To do » Set down, unchanged, the line holding "Figure 02: Hitler's famous salute." and all lines that follow it to the end of the material, leaving pictures out.

Recorded information »
##########
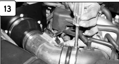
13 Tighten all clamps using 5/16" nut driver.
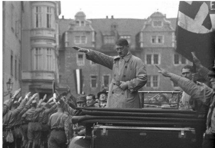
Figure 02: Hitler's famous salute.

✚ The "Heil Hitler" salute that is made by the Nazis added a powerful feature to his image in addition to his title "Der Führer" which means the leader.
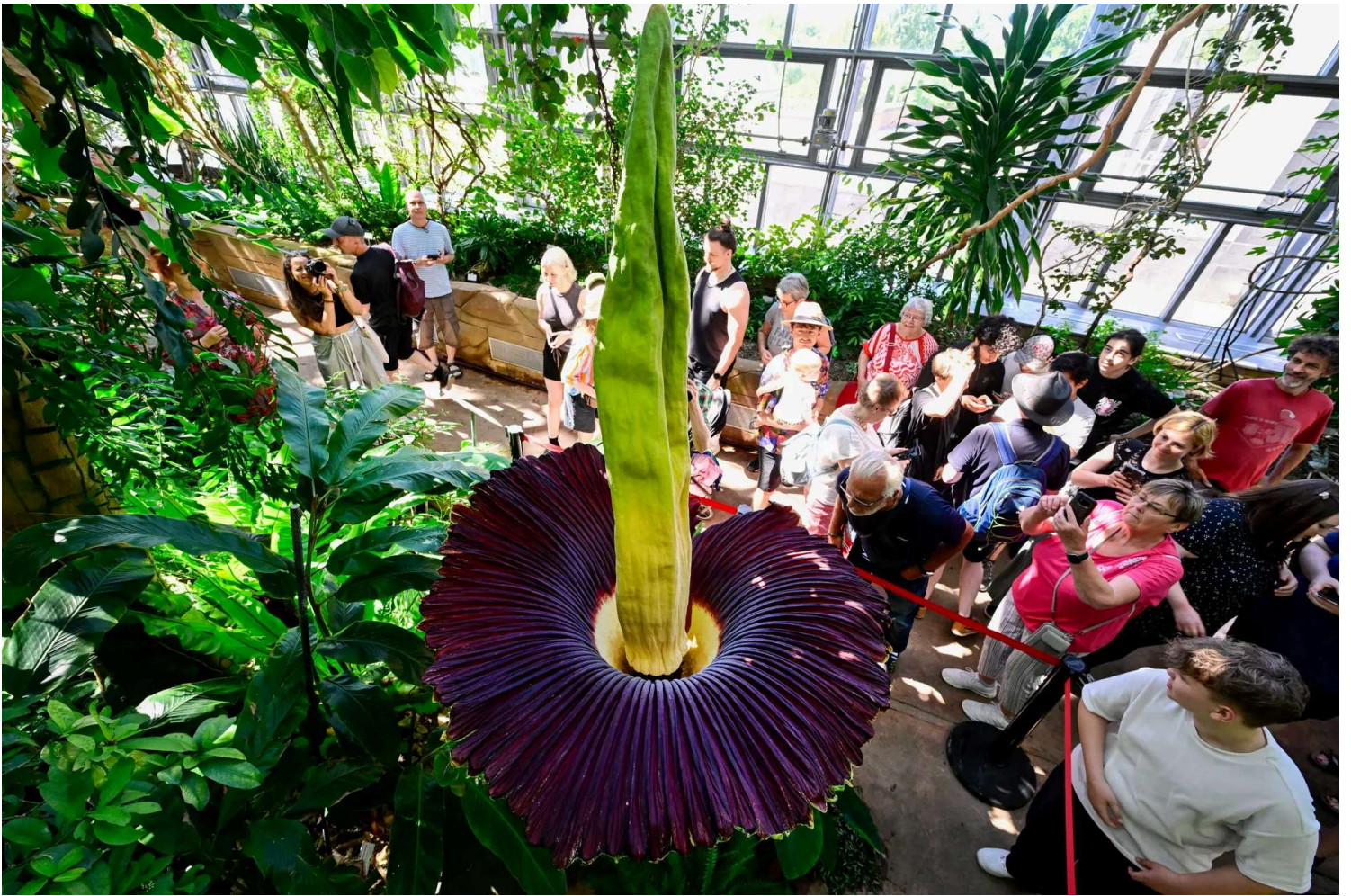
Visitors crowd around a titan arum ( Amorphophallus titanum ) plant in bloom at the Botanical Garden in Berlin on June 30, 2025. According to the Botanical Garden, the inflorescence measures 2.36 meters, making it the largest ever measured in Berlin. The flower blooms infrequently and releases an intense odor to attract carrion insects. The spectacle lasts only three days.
##########
Task solution »
Figure 02: Hitler's famous salute.

✚ The "Heil Hitler" salute that is made by the Nazis added a powerful feature to his image in addition to his title "Der Führer" which means the leader.
Visitors crowd around a titan arum ( Amorphophallus titanum ) plant in bloom at the Botanical Garden in Berlin on June 30, 2025. According to the Botanical Garden, the inflorescence measures 2.36 meters, making it the largest ever measured in Berlin. The flower blooms infrequently and releases an intense odor to attract carrion insects. The spectacle lasts only three days.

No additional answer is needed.